=== Begin Enclosure ===
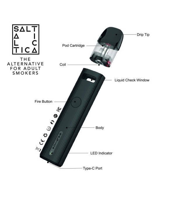 Saltica Pod Mod Siyah Renk, Kompakt Elektronik Sigara Cihazı Saltica Pod Mod Siyah Renk, Kompakt Elektronik Sigara Cihazı
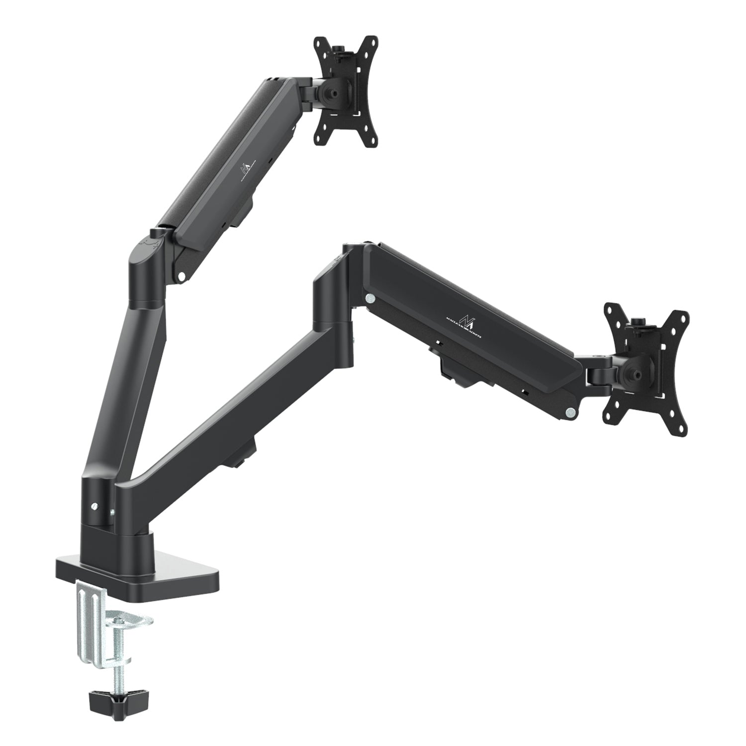 Dvoumonitorový držák Maclean MC-134 pro monitory s úhlopříčkou 17 až 32 palců je ideálním řešením pro lidi, kteří používají dvě obrazovky současně a očekávají maximální pracovní komfort. Díky dvěma nezávislým ramenům lze každý monitor umístit přesně tak, jak potřebujete - s naprostou volností nastavení, bez námahy a s dokonalou stabilitou. Jedná se o nejmodernější nástroj, který je ideální pro kancelář, práci na dálku i profesionální a herní pracoviště s více obrazovkami.
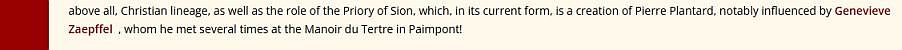 Just a reminder, that there is no evidence that Pierre Plantard ever met Genevieve Zaepffel – as claimed by the Romantic Believers, the French Webmasters, and other uncritical authors who never consult the primary sources, like for example they never even ask or consult Genevieve Zaepffel's current family for PROOF. Ask the Believers to give their sources and they will all run in the opposite direction.
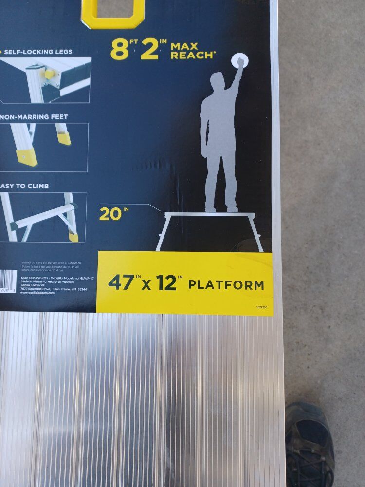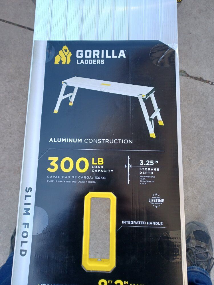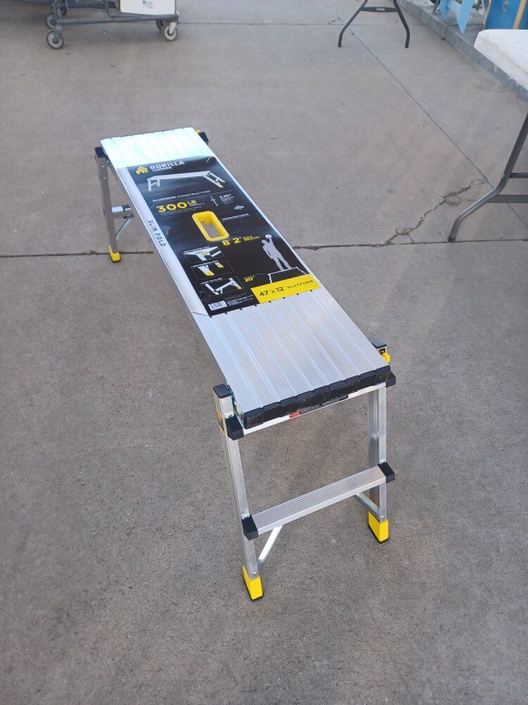 gorilla 4 ft x 12-in x 20 in aluminum slim fold work platform, 300 lb load capacity brand new any questions please message me
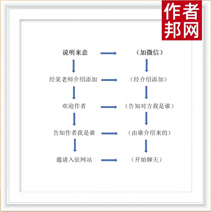 跟作者说明通过谁添加的新作者微信,并邀请入驻网站。
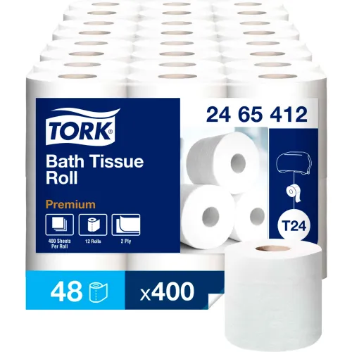 - At 400 sheets per roll, Tork Premium toilet tissue paper is long-lasting and convenient
=== End Enclosure ===
## TASK DIRECTIONS
None of the pictures should be carried over when the data above is transcribed exactly.

## YOUR RESPONSE
 Saltica Pod Mod Siyah Renk, Kompakt Elektronik Sigara Cihazı Saltica Pod Mod Siyah Renk, Kompakt Elektronik Sigara Cihazı
 Dvoumonitorový držák Maclean MC-134 pro monitory s úhlopříčkou 17 až 32 palců je ideálním řešením pro lidi, kteří používají dvě obrazovky současně a očekávají maximální pracovní komfort. Díky dvěma nezávislým ramenům lze každý monitor umístit přesně tak, jak potřebujete - s naprostou volností nastavení, bez námahy a s dokonalou stabilitou. Jedná se o nejmodernější nástroj, který je ideální pro kancelář, práci na dálku i profesionální a herní pracoviště s více obrazovkami.
 Just a reminder, that there is no evidence that Pierre Plantard ever met Genevieve Zaepffel – as claimed by the Romantic Believers, the French Webmasters, and other uncritical authors who never consult the primary sources, like for example they never even ask or consult Genevieve Zaepffel's current family for PROOF. Ask the Believers to give their sources and they will all run in the opposite direction.
 gorilla 4 ft x 12-in x 20 in aluminum slim fold work platform, 300 lb load capacity brand new any questions please message me
 跟作者说明通过谁添加的新作者微信,并邀请入驻网站。
 - At 400 sheets per roll, Tork Premium toilet tissue paper is long-lasting and convenient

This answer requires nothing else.